Ah, me and getting sidetracked… the weekend just gone was mostly spent writing yet another horizontally scrolling shoot ‘em up for the C64. This isn’t even close to news (although my actually finishing one might be) but there’s a kink to this particular project. A couple of people have said to me previously that they felt working in a machine code monitor with a single pass assembler and disassembler was somehow easier than using an assembler (most of them were beginners to machine code programming) and one particular individual, an almost fanatical supporter of monitor-written code, commented repeatedly about how much of a “palava” using an assembler was despite not having used one.
Said individual recently resurfaced to post a little garbage to the comments on my YouTube videos and, after I deleted them and blocked him, it set me thinking a little; although I’ve done a lot of work in various monitors over the years and even hand assembled code for the VIC 20 back in “ye olde days” (and that’s so much fun, even now I can remember some of the opcodes in decimal) I’ve never actually written a complete game with a monitor. Some of the people who developed in a monitor like John Ferrari, Stavros Fasoulas and Jon Wells have produced some cracking games (although the difficulty curves always seem to be rather harsh, I have my own theories as to why) which means that, despite certain other examples being utterly appalling, it must be possible to produce something decent.
So to quote Jeremy Clarkson, how hard can it be? Not particularly hard, as it goes, but certainly laborious to an almost masochistic level because tasks that are relatively simple in an assembler such as adding or subtracting commands or even relocating large blocks of code become fiddly operations with the monitor and every subroutine or table of data needs to be documented to avoid forgetting what they do. Usually I can keep the memory map straight in my head (although I usually have a simple memory map at the top of my source code) but the notes I’ve compiled so far for this project resemble something that Ordnance Survey would churn out!

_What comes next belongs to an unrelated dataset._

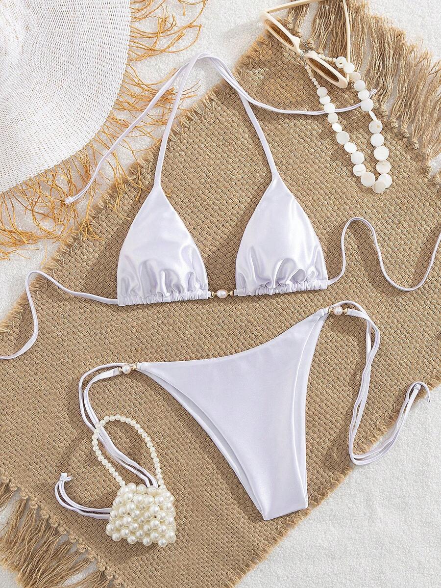 Tag : Pcs Set Solid Color Sexy Tie Back Bandeau Bikini Swimsuit For Beach Vacation Spring Summer

The game itself is coming along nicely though, after three days of occasional coding it currently only lacks background collisions before the most important parts of the core are done – after that there’s just graphics, data and cosmetic code to do. There aren’t any screenshots just yet because the backgrounds have been “donated” by another project for testing and there are only a couple of specifically created sprites to date.
This exercise hasn’t changed my opinion of developing in a monitor; if the assembler is a word processor, using a monitor is akin to reverting to a manual typewriter – yes, with some skill it’s possible to be incredibly creative with either, but with the more primitive choice a significant amount of time will be spent working around the shortfalls of the environment.